Tiger in the 2000 Open produced a highlight reel all his own, winning by a record 15 shots. “Just the perfect display of golf,” runner-up Ernie Els called it. “If you want to watch a guy win the US Open playing perfectly, you’ve just seen it.”

And Graeme McDowell of Northern Ireland was a popular winner of the 2010 US Open, though his victory likely broke the chain of Hall of Fame winners at Pebble Beach.

“It’s just the success,” Hotelling said. “We’ve had some of the best championships. That’s definitely a part of it. And obviously, the USGA decided public-access golf is a good thing. Pebble Beach was the only one until the USGA finally gave Pinehurst the Open in ’99. Then Bethpage, Torrey Pines, Chambers Bay, Erin Hills, they’ve kind of decided maybe it’s not a bad thing, public-access golf.”

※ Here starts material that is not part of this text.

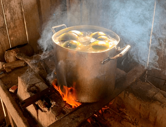 Os frutos são, então, seccionados com facão ou serrote, e as cuias resultantes são colocadas em uma grande panela de água fervente, para que as cascas amoleçam. Depois, a casca externa de cada cuia é cuidadosamente raspada com uma lâmina, a borda é alisada com a língua áspera do peixe pirarucu (Arapaima gigas) e o interior com a escama do mesmo peixe. A preparação final para aplicação do verniz é feita esfregando-se o interior e o exterior com as grandes folhas da árvore embaúba (Cecropia), uma espécie também presente na área próxima à residência da família. A cuia tratada, mas ainda sem verniz, é chamada de “pitinga”.

The roll call of Open winners at Pebble enhanced the prettiest place in golf and stamped it as the centre of the USGA’s golf universe. “Wonderful partners,” former USGA president Diana Murphy called it. Bill Perocchi, chief executive of Pebble Beach Company, called it “a special, long-standing partnership”.

This partnership that included the US Amateur last year and this year’s US Open, will continue into the next decade and likely the decades to follow. The USGA will return in 2023 with the US Women’s Open and again in 2027 with the US Open.

All roads, the USGA discovered belatedly, lead to Pebble Beach.

“The combination of characteristics of that golf course are not reproducible anywhere,” Tatum said. “The routing is absolutely brilliant. It picks up as much of the coastline that makes it so very special as you can get in that property.

“Pebble Beach as an Open site is as good as it gets.”